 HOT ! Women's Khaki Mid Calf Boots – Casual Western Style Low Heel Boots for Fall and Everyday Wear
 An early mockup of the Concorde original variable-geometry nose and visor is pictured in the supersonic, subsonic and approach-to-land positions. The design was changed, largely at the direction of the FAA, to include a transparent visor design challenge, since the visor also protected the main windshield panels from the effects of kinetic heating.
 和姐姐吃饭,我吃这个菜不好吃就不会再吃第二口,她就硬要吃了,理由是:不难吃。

○ ○ ○ ○ ○ ○ ○

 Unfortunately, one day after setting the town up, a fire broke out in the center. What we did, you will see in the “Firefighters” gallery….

○ ○ ○ ○ ○ ○ ○

- **TASK TO COMPLETE**: Please make an exact copy of the lines above from the line with "An early mockup" through the line with "和姐姐吃饭,我吃这个菜不好吃就不会再吃第二口,她就硬要吃了,理由是:不难吃。", both ends included.

- **OUTPUT FOR THIS EXERCISE**:
 An early mockup of the Concorde original variable-geometry nose and visor is pictured in the supersonic, subsonic and approach-to-land positions. The design was changed, largely at the direction of the FAA, to include a transparent visor design challenge, since the visor also protected the main windshield panels from the effects of kinetic heating.
 和姐姐吃饭,我吃这个菜不好吃就不会再吃第二口,她就硬要吃了,理由是:不难吃。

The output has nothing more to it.